If in my name you ask me for anything, I will do it.
To my mind, the final line of this morning’s gospel is at once an indescribable consolation and a never-ending source of perplexity. Perhaps even frustration. If in my name you ask me for anything, I will do it. How many of us have been caught off guard or even startled by this phrase? Did he really just say what I think he said?
During the so-called “Farewell Discourses” of John’s gospel (chapters 14—17), we greet a host of similarly enigmatic phrases such as:
“I am the way, and the truth, and the life.” “Do you not believe that I am in the Father and the Father is in me?” “I do not give to you as the world gives.” “As the Father has loved me so have I loved you; abide in my love.”
These dense discourses clearly deserve much more than a superficial listening. There is an infinity in these words, fertile and receptive to the whole texture of human experience. John’s Jesus therefore speaks to each of us in the voice of that wind as he says If in my name you ask for anything, I will do it. There is an infinity in his words.

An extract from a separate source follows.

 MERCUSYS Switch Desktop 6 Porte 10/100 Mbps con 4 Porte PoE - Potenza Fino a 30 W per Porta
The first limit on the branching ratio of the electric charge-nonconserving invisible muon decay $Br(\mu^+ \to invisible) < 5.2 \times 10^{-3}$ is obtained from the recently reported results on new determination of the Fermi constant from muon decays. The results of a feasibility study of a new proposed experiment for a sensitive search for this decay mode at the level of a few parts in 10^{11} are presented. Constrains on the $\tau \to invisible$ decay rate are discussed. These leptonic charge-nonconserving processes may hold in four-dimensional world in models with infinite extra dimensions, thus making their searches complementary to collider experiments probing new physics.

Yet this infinity is lost to us if we simply hear what we would like to hear. Because of this, I believe there is wisdom in praying with a sensitivity to what a text is decidedly not saying. Yes, he really did just say something remarkable, but whereas I would like to hear Jesus say to me, “if you ask me for anything, I will do it,” this is not what Jesus says. We have to reckon with those three little words: in my name.

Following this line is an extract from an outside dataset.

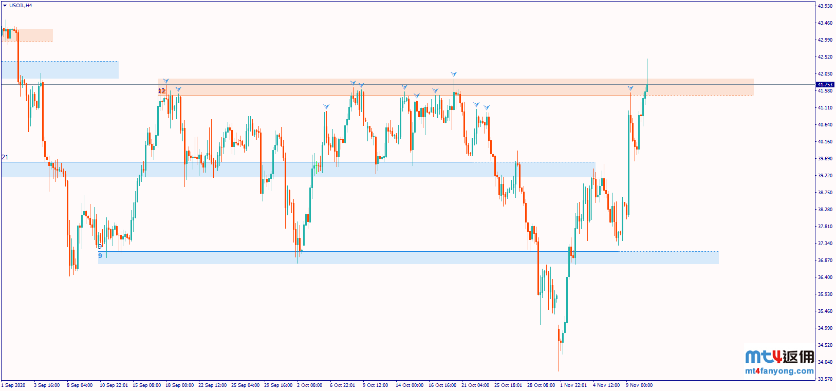 周二(11月10日)WTI原油企稳40.0美元支持后进一步攀升逾5%至日内高位42.26美元,两个交易日内录得累计近12%涨幅,显示市场看多油价意愿进一步增强。值得留意的是,WTI原油时隔三个月后再度触及42.0美元水平,中期趋势转向上行迹象越发明显。

To pray in Jesus’ name: this is the often dark and hidden work of conversion. Let my joy be in you that your joy may be complete, says John’s Jesus a chapter later, and Paul echoes this distantly when he writes let the same mind be in you that was in Christ Jesus. This is the life-long invitation of repentance. When Jesus bursts onto the scene in Mark’s gospel, the word on his lips is metanoiete! Change your mind—that is, put on a higher mind.

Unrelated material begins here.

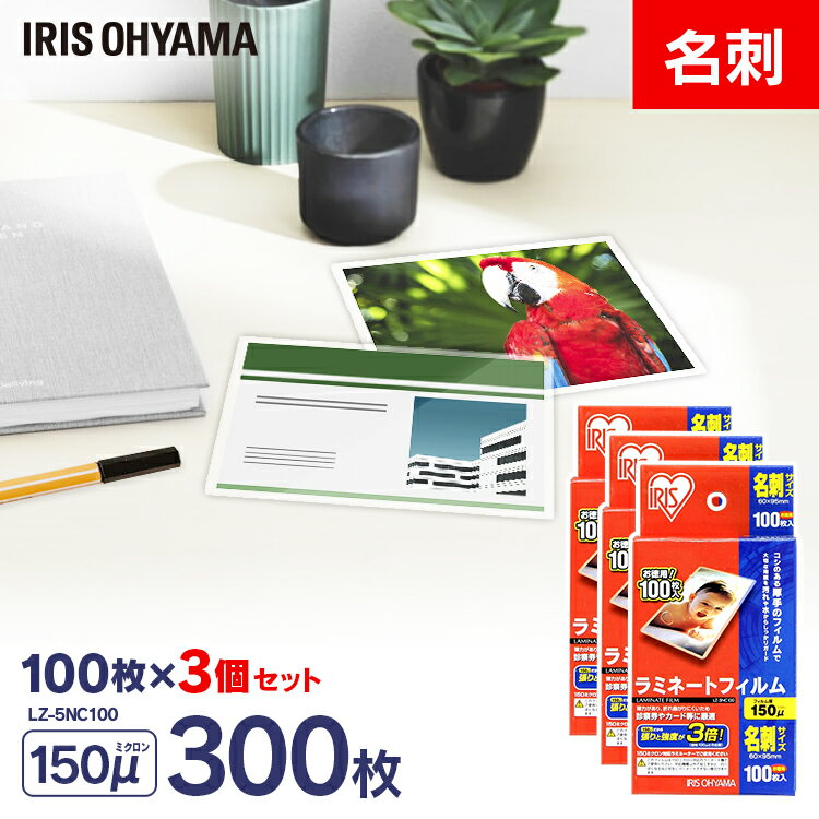 ラミネートフィルム 名刺サイズ 100枚 150μ 3個セット150ミクロン 厚手 名刺 アイリスオーヤマ LZ-5NC100 パウチフィルム ラミネーター フィルム 診察券 カード 耐水性 透明度

The Spirit teaches us to pray in Jesus’ name, training us to love what Jesus loves and desire what Jesus desires—sometimes to the detriment of our own private desires, ambitions, or assumptions. To pray in Jesus’ name is to pray with the hopes that God will refine our desires. We find this expressed as the psalmist writes, “I will bless the Lord who gives me counsel; my heart teaches me night after night.” We find this echoed in the spirituality of our prayer book: Make these words more than words, and give me the Spirit of Jesus. Amen
It follows, then, that Jesus’ vexing consolation— If in my name you ask me for anything, I will do it—, while infinite in its address to each of us, cannot mean a simple satisfaction of our private desire. It means a life-long, engaged response to God’s actions in our lives. Our late Brother Robert Greenfield gave this verbal expression in the “Outline of the Faith commonly called the Catechism.” Answering the question, “What is prayer?” Greenfield replies, “Prayer is responding to God, by thought and by deeds, with or without words”. Prayer is responding to God.
And so, O Lord of promise, teach us to ask in your name; grant us grace to respond to your love, “make [our] words more than words, and give [us] the Spirit of Jesus.”
 John 14:6b, John 14:10, 14:27b, 15:9
 John 15:11
 Philippians 2:5
 Psalm 16:7
 The Book of Common Prayer, 461
 The Book of Common Prayer, 856
 Adapted phrase from a prayer “In the Morning,” The Book of Common Prayer, 461.